In California, for example, residential energy use platform OhmConnect launched a program called EndCABlackouts, doling out one million smart thermostats and enrolling users in an energy-saving grid response service. The program reduces users’ energy footprint in one of two ways: By alerting them of peak demand periods, when shutting off their devices on their own can earn them savings, or by doing this on its own, automatically modifying a home’s temperature schedule when utility companies ask them to. In both scenarios, the company sells energy saved back to the grid, takes a cut of its own and delivers cash or prize savings to customers. 

The company recently launched the City Energy Challenge to encourage enrollment in smart thermostat programs in San Jose, Oakland, Fresno and Bakersfield, and will award $50,000 in educational scholarships to the city that sees the highest adoption rate. The company boasts saving 1 gigawatt-hour, or 600,000 homes worth of energy through grid-responsiveness tools, preventing six days of blackouts during last August’s heat wave. 


Don Whaley, president of OhmConnect’s Texas region, says communication is a crucial part of what the platform offers participants: Text notifications alert users in advance of periods where their devices might power down, at which point they have the option to plan ahead or opt out. 

“We'll let you know the hours during which we'll be cutting back demand, so if you want to participate in the event and you're afraid your house might get hot, well it's a good time to go shopping,” Whaley told Motherboard over the phone. “So you’re not caught going, ‘Who the heck turned up my thermostat?’” 

On Reddit, some OhmConnect customers said they like being able to reduce their energy impact without the hassle of monitoring their circuit breaker on their own. But others complain that the savings they reap (one-tenth of a penny per watt, users estimate) aren’t worth the sacrifice of shutting off AC during heat waves like the one California is experiencing right now. And others fear that handing power over their home’s devices to a third party could open control of their house to a company or the government.

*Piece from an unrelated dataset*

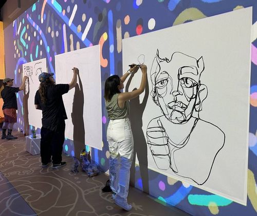 On July 15th we produced our very first Art in Progress event featuring a live painting workshop hosted by Pedro Baez, EfDot, and Parin Heidari. These talented artists will took us on a journey of creation and collaboration, sharing their own unique styles and processes in real time. Afterwards, the audience had the opportunity to create together on a communal canvas. It was an evening of celebrating the act of creation and connecting with fellow art lovers over drinks, with live music by Dotan Negrin. This was the first event in our Art in Progress series, and we look forward to bringing artists and our community together for creative experiences to encourage collective expression.

“Be very careful about agreeing to this,” one Reddit user said of demand response incentive programs Friday. “In Texas during the middle of a heatwave ERCOT has set thermostats to 80 … I will never be agreeing to that in my home.” 

These programs raise questions of responsibility for blackouts: Rather than addressing grid reliability issues at the source or reducing fossil fuel emissions from peaker plants by replacing them with renewable alternatives, grid-response programs put the onus on users to live in uncomfortable conditions to avoid shorting the grid. 

For English, that was heat that he feared would be unsafe for his sleeping 3-month-old. 

“I wouldn’t want anybody else controlling my things for me,” English told KHOU 11.